Remove \n <newline> character inside the records.

machomaddy · February 1, 2012, 6:31am

Hi,
In my file, I have '\n' characters inside a single record. Because of this, a single records appears in many lines and looks like multiple records. In the below file.

File 1
====
1,nmae,lctn,da\n
t
2,ghjik,o\n
ut,de\n
fk
 
Expected output after the \n removed
 
File 2
=====
1,nmae,lctn,dat
2,ghjik,out,defk

I tried

 perl -e 'while (<>) { if (! /\,$/ ) { chomp; } print ;}'

But this will work only if the record ends with the delimiter. Dose, someone have any suggestion on this.
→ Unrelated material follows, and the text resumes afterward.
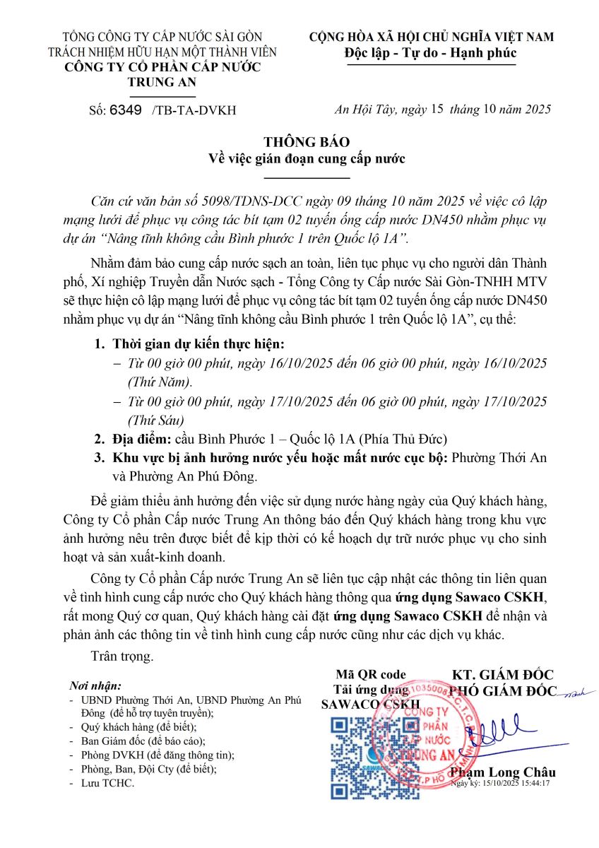 - thông báo về việc gián đoạn cung cấp nước từ ngày 16/10/2025 đến ngày 17/10/2025

birei · February 1, 2012, 7:17am

Hi machomaddy,

Try with sed. Here a test:

$ cat infile
1,nmae,lctn,da
t
2,ghjik,o
ut,de
fk
$ cat script.sed
## First line.
1 {
        ## If last one, print and quit.
        $ {
                p
                q
        }

        ## Else, save in hold space and read next line.
        h
        b
}

## Lines not beginning with number.
/^[0-9]/! {
        ## Append to hold space.
        H

        ## If last line, get content of hold space, remove newlines
        ## and print.
        $ {
                x
                s/\n//g
                p
        }
        b
}

## Lines beginning with number.
/^[0-9]/ {
        ## Exchange content with hold space. Save this line there and
        ## get past lines. Remove newlines and print.
        x
        s/\n//g
        p

        ## If last line, don't save current line, print it instead.
        $ {
                x
                p
        }
        b
}
$ sed -n -f script.sed infile
1,nmae,lctn,dat
2,ghjik,out,defk

Regards,
Birei

Scrutinizer · February 1, 2012, 7:49am

Try:

awk '/^[0-9]*,/{if(p)print p; p=$0; next}{p=p$0}END{print p}'  infile

durden_tyler · February 1, 2012, 8:47am

$
$ cat -n f56
     1  1,nmae,lctn,da
     2  t
     3  2,ghjik,o
     4  ut,de
     5  fk
$
$ perl -ne 'chomp; print "\n" if /^\d/ && $.>1; printf; END{print "\n"}' f56
1,nmae,lctn,dat
2,ghjik,out,defk
$
$

tyler_durden

machomaddy · February 2, 2012, 7:07am

Thanks both the code works fine :). But out of curiosity, how to handle if the first column is made of alphabets rather than numerics? In that case all records will become as a single record, correct? Sorry, if I am wrong.

Scrutinizer · February 2, 2012, 7:27am

Yes, to reconstruct the records, we used a certain characteristic of that record, in this case the first field consists of a number. If that were not the case then it would be more difficult, and we would need to use something else..